The conference, scheduled for 1400 GMT on Thursday, is a critical focus for investors in a market that remains highly volatile, with experts warning that without concerted action -- expectations are for a 10 million barrel-a-day cut -- the commodity could suffer another painful sell-off.

But hopes are that a deal can be done. Last week US President Donald Trump claimed Russia and Saudi Arabia would step back from their stand-off and agree to slash output.

Then OPEC kingpin Saudi Arabia called for an urgent meeting of producers "to try to reach a fair deal" to "stabilise the oil market" following a phone call between its Crown Prince Mohammed bin Salman and Trump.

And on Wednesday, Bloomberg News reported that Moscow said it is willing to cut its output by about 1.6 million barrels a day, or about 15 percent, smoothing the path towards a deal.

"The extraordinary producing-countries meeting is the only hope on the horizon for the market that could prevent a total price collapse," said Bjornar Tonhaugen, head of oil markets at Rystad Energy.

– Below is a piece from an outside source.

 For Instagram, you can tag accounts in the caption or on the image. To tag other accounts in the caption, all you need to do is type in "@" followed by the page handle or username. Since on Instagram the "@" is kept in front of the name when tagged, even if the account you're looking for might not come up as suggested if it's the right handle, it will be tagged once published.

Saudi Arabia will on Friday host a separate virtual gathering of energy ministers from the Group of 20 major economies in a similar bid to ensure "market stability".

Oil prices have slumped since the beginning of the year as the COVID-19 pandemic sends the planet into lockdown and brings the global economy to a virtual standstill.

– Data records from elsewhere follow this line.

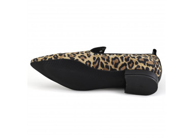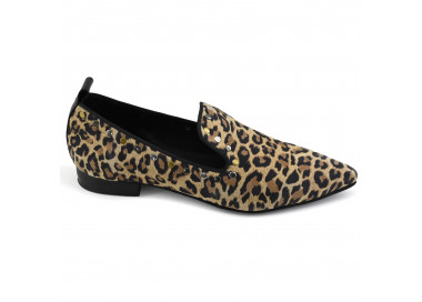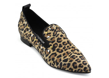 El mocasín flat Roxi es una combinación de estilo clásico y casual, con detalles distintivos como el pelo de leopardo y el herraje de marca SD en oro. La suela de cuero vacuno añade un toque de calidad y durabilidad. Taco foliado de 2 cm de altura.
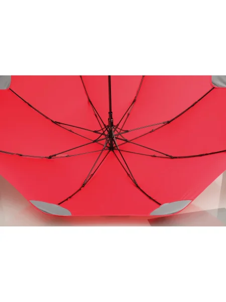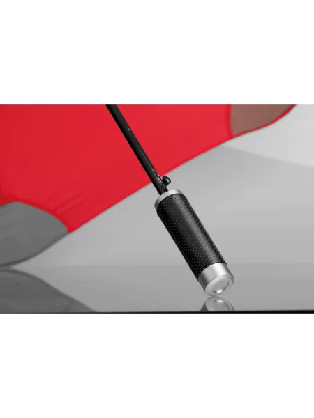 Ombrello apertura automatica in poliestere con 8 pannelli, stecche in fibra di vetro e struttura in similpelle che integra un’area dedicata alla stampa in doming. Fornito con borsa dotata di tracolla per un trasporto pratico. Dimensioni ombrello: ø1100 x 825 mm, fodera: ø90 x 680 mm.
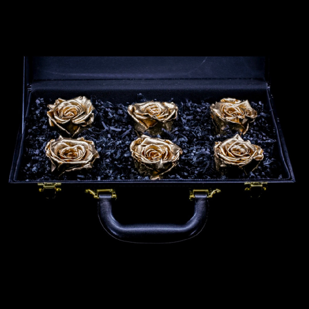 This black leather gift box can be customized with any name or saying. The box does not have design on it unless you choose to customize the box. Gold hardware and a black silk bag. Choose any color flower and amount of flowers. This is a customized gift that is extra special and thoughtful for your gifting experience.
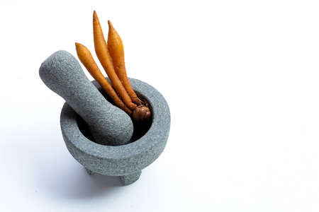 Fingerroot or boesenbergia in rock mortar with pestle on white
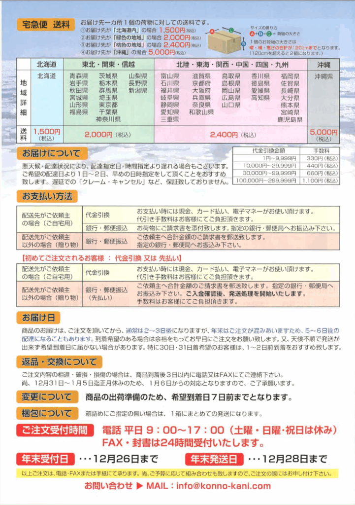 info@konno-kani.com までお問い合わせください。

Compounding the problem, Riyadh and Moscow have both ramped up output in a bid to hold on to market share and undercut US shale producers.

But Russian President Vladimir Putin said on Friday that Moscow was prepared to discuss a reduction of about 10 million barrels per day (bpd) in order to "balance the market" and curb oversupply.

That is roughly equivalent to what Saudi Arabia and Russia both produced each day in February, according to OPEC data.

- Output cutbacks need consensus -

"Saudi Arabia and Russia have been extremely clear that they will cut production if -- and only if -- other major oil producers join in as well," said SEB oil analyst, Bjarne Schieldrop.

However, there are worries about the participation of Washington.

The US is battling to breathe new life into its shale industry, which has transformed the nation into the world's top producer, but which cannot sustain its high cost base as prices collapse.

Yet its oil sector appears reluctant to trim production, having extracted a near-record 13 million barrels per day in the final week of March. This fell to 12.4 million bpd last week.

At the same time, the global supply glut has pushed oil storage to its maximum limits, forcing many producers to scale back output.

Ten oil-producing nations from outside the wider OPEC+ alliance, including the United States, have been asked to take part in Thursday's meeting, Russian news agency TASS reported.

Canada, Britain, Norway, Brazil, Argentina, Colombia, Egypt, Indonesia, and Trinidad and Tobago have also been invited.

The International Energy Agency warned Monday that the world is set for its first annual decline in oil consumption in more than a decade because of the coronavirus pandemic.

The outbreak has shut down large swathes of the global economy, including key sectors such as air travel, manufacturing and retail.

The globaloil glut could reach 25 million bpd in April, according to Rystad Energy.